W. SUESBERRY, ET AL.,
DEFENDANTS.



The opinion of the court was delivered by: Barbara A. McAuliffe United States Magistrate Judge

FINDINGS AND RECOMMENDATIONS ECOMMENDING DISMISSING CERTAIN CLAIMS AND DEFENDANTS FOR FAILURE TO STATE A COGNIZABLE CLAIM (ECF No. 17)

OBJECTIONS DUE WITHIN THIRTY DAYS

I. Procedural History

Plaintiff Anthony D. Wafer is a state prisoner proceeding pro se and in forma pauperis in this civil rights action pursuant to 42 U.S.C. § 1983. This action was filed on June 18, 2007. On February 22, 2008, the complaint was dismissed, with leave to amend. (ECF No. 9.) On May 15, 2009, the first amended complaint was dismissed, with leave to amend, for failure to state a claim. (ECF No. 13.) Following reassignment of this action to the undersigned, the Court vacated the previously issued findings and recommendations, and currently before the Court is the second amended complaint, filed July 23, 2009. (ECF No. 17.)

II. Screening Requirement

The Court is required to screen complaints brought by prisoners seeking relief against a governmental entity or officer or employee of a governmental entity. 28 U.S.C. § 1915A(a). The Court must dismiss a complaint or portion thereof if the prisoner has raised claims that are legally "frivolous or malicious," that "fails to state a claim on which relief may be granted," or that "seeks monetary relief against a defendant who is immune from such relief." 28 U.S.C. § 1915(e)(2)(B).

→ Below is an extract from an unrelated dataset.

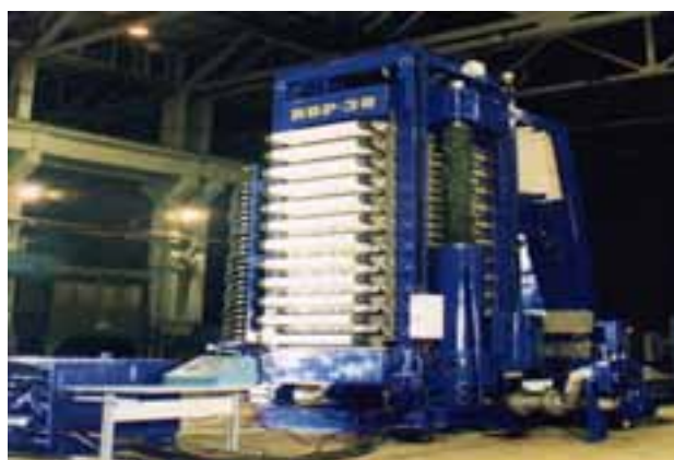
Automatic filter press with endless filter belt

We can provide these fabrics either as roll goods or as ready made items. In our own making-up department we can also produce filter belts with clipper seams and edge reinforcements.

A complaint must contain "a short and plain statement of the claim showing that the pleader is entitled to relief. . . ." Fed. R. Civ. P. 8(a)(2). Detailed factual allegations are not required, but "[t]hreadbare recitals of the elements of a cause of action, supported by mere conclusory statements, do not suffice." Ashcroft v. Iqbal, 556 U.S. 662, 678, 129 S. Ct. 1937, 1949 (2009) (citing Bell Atlantic Corp. v. Twombly, 550 U.S. 544, 555, 127 S. Ct. 1955, 1964-65 (2007)).

Prisoners proceeding pro se in civil rights actions are still entitled to have their pleadings liberally construed and to have any doubt resolved in their favor, but the pleading standard is now higher, Hebbe v. Pliler, 627 F.3d 338, 342 (9th Cir. 2010) (citations omitted), and to survive screening, Plaintiff's claims must be facially plausible, which requires sufficient factual detail to allow the Court to reasonably infer that each named defendant is liable for the misconduct alleged, Iqbal, 556 U.S. at , 129 S. Ct. at 1949-50; Moss v. U.S. Secret Service, 572 F.3d 962, 969 (9th Cir. 2009). The "sheer possibility that a defendant has acted unlawfully" is not sufficient, and "facts that are 'merely consistent with' a defendant's liability" falls short of satisfying the plausibility standard. Iqbal, 556 U.S. at 678, 129 S. Ct. at 1949; Moss, 572 F.3d at 969.

Further, under section 1983, Plaintiff must demonstrate that each defendant personally participated in the deprivation of his rights. Jones v. Williams, 297 F.3d 930, 934 (9th Cir. 2002). Although a court must accept as true all factual allegations contained in a complaint, a court need not accept a plaintiff's legal conclusions as true. Iqbal, 556 U.S. at 678, 129 S. Ct. at 1949. "Threadbare recitals of the elements of a cause of action, supported by mere conclusory statements, do not suffice." Id. (quoting Twombly, 550 U.S. at 555, 127 S. Ct. 1955).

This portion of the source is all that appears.